Benchmarking cardano-tracer's new handle registry feature has been performed and evaluated. We're satisfied with seeing clear performance improvements along with cleaner code, and much better test coverage. Especially allocation rate and number of garbage collections (GC) could be significantly reduced, along with the CPU time required for performing GCs. This will allow for higher trace message throughput given identiacal system resources - plus less system calls issued to the OS in the process.

Furthermore, the new tracing system is getting improvements for its Prometheus output - like providing version numbers as metrics, or annotating metrics with their type - enhancing the output's overall utility.

UTxO Growth

The performance workbench now supports profiles aimed at simulating UTxO growth both for a single node and an entire cluster. Additionally, simulating different RAM sizes in combination with specific UTxO set sizes is supported. For a single block producing node, the focus is on quick turnaround when running a benchmark, gaining insight into the node's RAM usage and possible impact on the forging loop.

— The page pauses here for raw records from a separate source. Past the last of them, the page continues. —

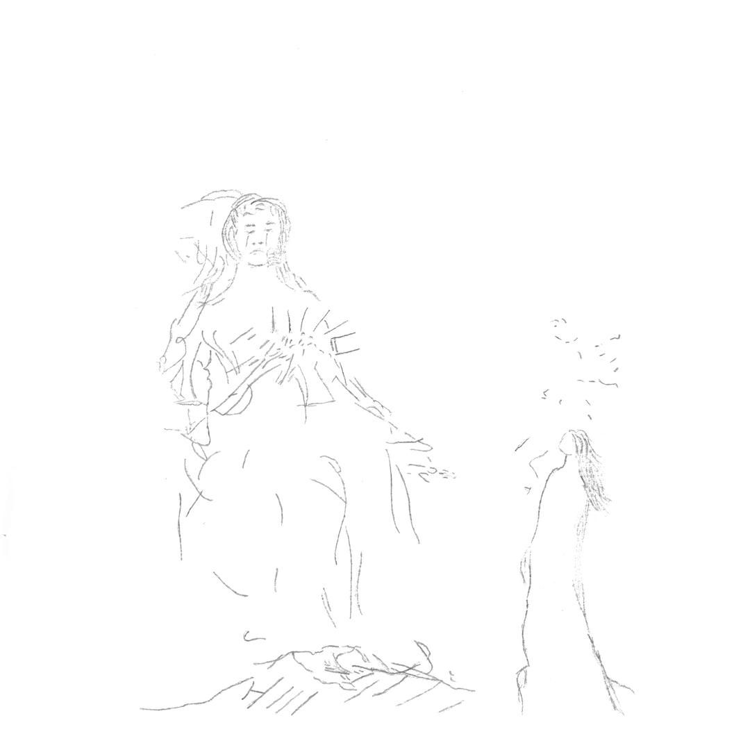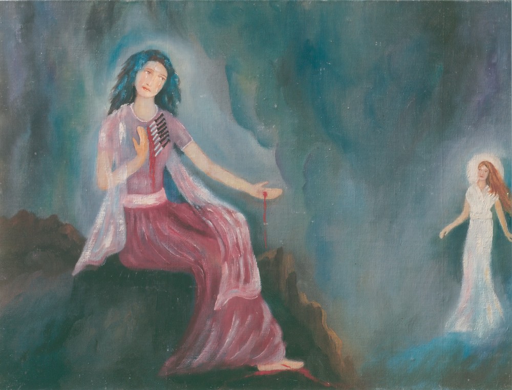 Here from a low and prone and listless ground The passion of the first ascent began; A Woman sat in a pale lustrous robe.... ||122.1|| The Mother of the seven sorrows bore The seven stabs that pierced her bleeding heart... ||122.4|| In soft sweet training words slowly she spoke: “O Savitri, I am thy secret soul. ||122.6|| To share the suffering of the world I came, I draw my children’s pangs into my breast.... ||122.7|| I am the hope that looks towards my God, My God who never came to me till now; His voice I hear that ever says `I come’: I know that one day he shall come at last.” ||122.22||
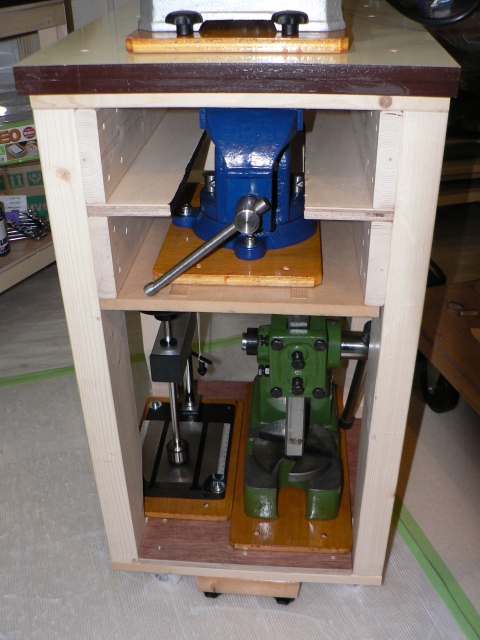 それと出来上がってから、この台に万力を収納する方法を思いつきました。
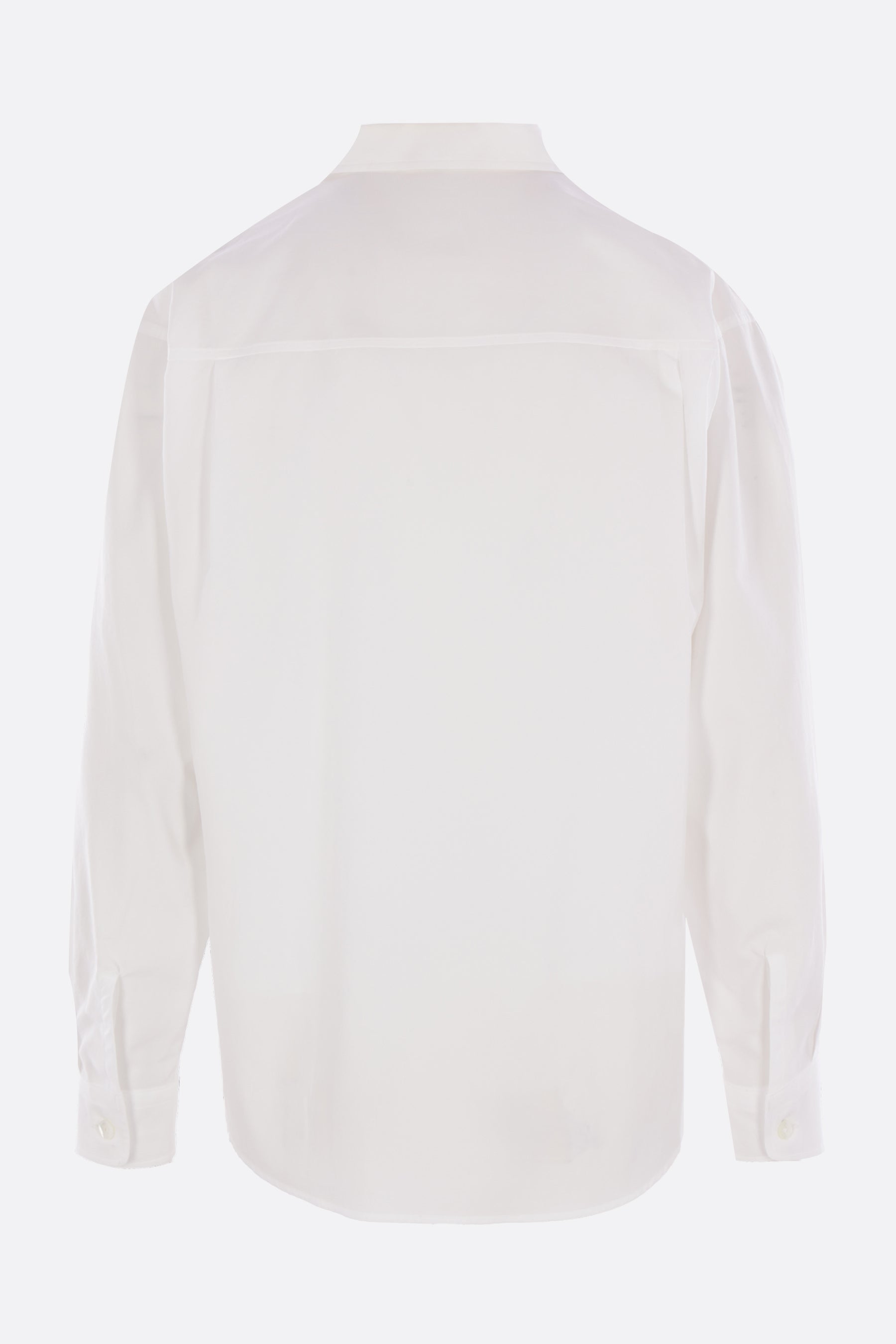 Camicia oversize di Auralee realizzata in twill di cotone color bianco. Caratterizzata da colletto classico, chiusura frontale con bottoni, tasca applicata sul petto, maniche lunghe con polsini abbottonati e fondo arrotondato.

The cluster profiles enable capturing block diffusion metrics as well, however they require a much longer runtime. We can now successfully benchmark the node's behaviour when dealing with UTxO set sizes 4x - 5x of current mainnet, as well as a possible change in behaviour when operating close to phsyical RAM limit due to that.

Nomad cluster

Our backend now supports allocating and deploying Nomad jobs for multiple clusters simultaneously - all while keeping existing automations operational. We've taken special precautions a cluster, as seen by the backend, can be efficiently and easily modified to reflect newly deployed, or changed, hardware. Additionally, we've added support for host volumes inside a Nomad allocation - which will be needed for benchmarking UTxO-HD's on-disk solution.